German World War II submarine

German submarine U-1168 was a Type VIIC/41 U-boat of Nazi Germany's Kriegsmarine during World War II.

She was ordered on 2 April 1942, and was laid down on 16 March 1943, at Danziger Werft AG, Danzig, as yard number 140. She was launched on 2 October 1943, and commissioned under the command of Oberleutnant zur See Martin Grasse on 19 January 1944.

==Design==
German Type VIIC/41 submarines were preceded by the heavier Type VIIC submarines. U-1168 had a displacement of 769 t when at the surface and 871 t while submerged. She had a total length of 67.10 m, a pressure hull length of 50.50 m, an overall beam of 6.20 m, a height of 9.60 m, and a draught of 4.74 m. The submarine was powered by two Germaniawerft F46 four-stroke, six-cylinder supercharged diesel engines producing a total of 2800 to 3200 PS for use while surfaced, two SSW GU 343/38-8 double-acting electric motors producing a total of 750 PS for use while submerged. She had two shafts and two 1.23 m propellers. The boat was capable of operating at depths of up to 230 m.

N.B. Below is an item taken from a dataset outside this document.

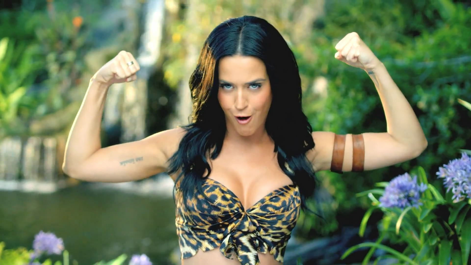 Description: A woman in a bikini top posing for a picture with her arms up and her hands in the air.

The submarine had a maximum surface speed of 17.7 kn and a maximum submerged speed of 7.6 kn. When submerged, the boat could operate for 80 nmi at 4 kn; when surfaced, she could travel 8500 nmi at 10 kn. U-1168 was fitted with five 53.3 cm torpedo tubes (four fitted at the bow and one at the stern), fourteen torpedoes or 26 TMA or TMB Naval mines, one 8.8 cm SK C/35 naval gun, (220 rounds), one 3.7 cm Flak M42 and two 2 cm C/30 anti-aircraft guns. The boat had a complement of between forty-four and fifty-two.

==Service history==
On 4 May 1945, U-1168 was scuttled after running aground off Holnis in the Flensburg Fjord, at . The wreck was later broken up.